OTX2 gene encodes a member of the bicoid subfamily of
homeodomain-containing transcription factors. The encoded protein acts
as a transcription factor and plays a role in brain, craniofacial, and
sensory organ development. The encoded protein also influences the
proliferation and differentiation of dopaminergic neuronal progenitor
cells during mitosis
(https://www.gcbi.com.cn/gclib/html/dictSearch/T1RY- Mg). The milking
behavior of discus fish is very similar to the feeding behavior of
mammals, because the dopamine in mammals increases during reproduction,
so it is possible that the dopamine in discus fish also increases during
milking. So it’s not surprising that increased OTX2 secretion was
detected in the brain during the nurturing period.

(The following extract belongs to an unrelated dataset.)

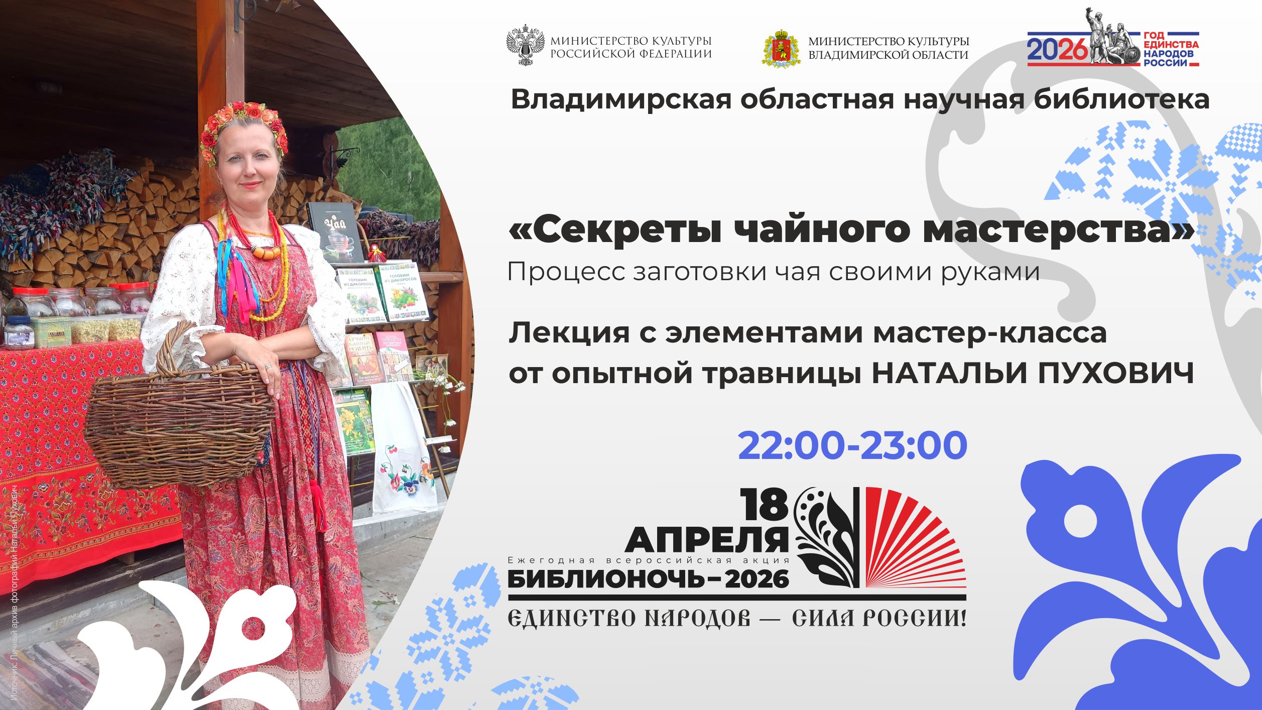 18 апреля в 22:00 во Владимирской областной научной библиотеке — встреча с опытной травницей Натальей Пухович. Вы научитесь заготавливать чай на зиму и освоите искусство чайного купажа. Создайте свой уникальный напиток с нуля — с характером, настроением и вкусом. Будет душевно, ароматно и очень познавательно.

HBE is downregulated when P_B compared with NP_B in discus fish brain
(Fig. 6.B). However, it is the same in the skin as in the brain. HBE is
a variant caused by a single point mutation at codon 26 of the b-globin
gene, which is located on chromosome 11p15.5 (Ha, Martinson, Iwamoto, &
Nishi, 2019). People possessing an HBE variant may also develop
secondary disorders like jaun-dice, hepatosplenomegaly and growth
retardation in their devel-opmental stages, which leads to the diagnosis
of HBE (Fucharoen & Weatherall, 2012). Elizabeth Greene,
Joshua Flees et al found the circulatory- and breast muscle-oxygen
homeostasis is dysregulated [low oxygen and hemoglobin (HB) levels]

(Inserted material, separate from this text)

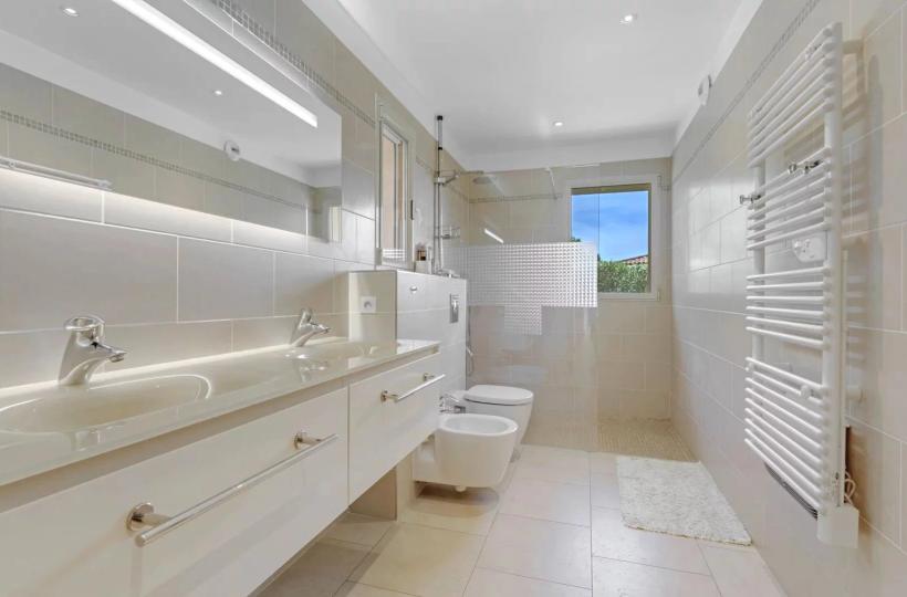 Édifiée en 2013 sur un terrain plat de plus de 1 600 m², la villa développe environ 300 m² habitables.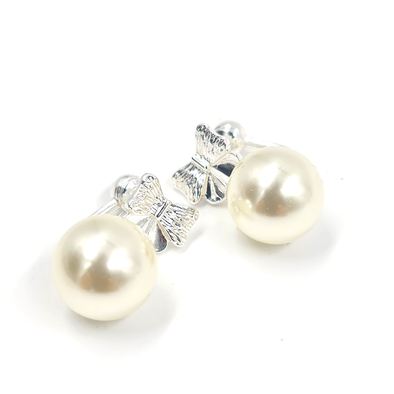 Hermosos aretes con perlas brillantes, acompañados de un elegante detalle de moño en tono plateado. Su diseño aporta un toque femenino y sofisticado, ideal para quienes buscan un accesorio con encanto y delicado

in chickens with WB myopathy. Molecular analysis showed that blood HB
subunit Mu (HBM), Zeta (HBZ), HBE and hephaestin (HEPH) expression were
significantly down regulated (Fucharoen & Weatherall, 2012).
Interestingly, this result was consistent with the downregulation of the
relative expression of HBE in the lactation behavior of discus fish,
suggesting that lactation behavior of discus fish is similar to that of
mammals. HBE is the gene that we’re going to focus on next.
This study has some limitations. First, the function of the genes
screened by the transcriptome in the parental discus fish unclear.
Second, the parental care process of discus fish is similar to that of
mammals, but very different. Therefore, it is urgent to continue to
explore the parental care process of discus fish.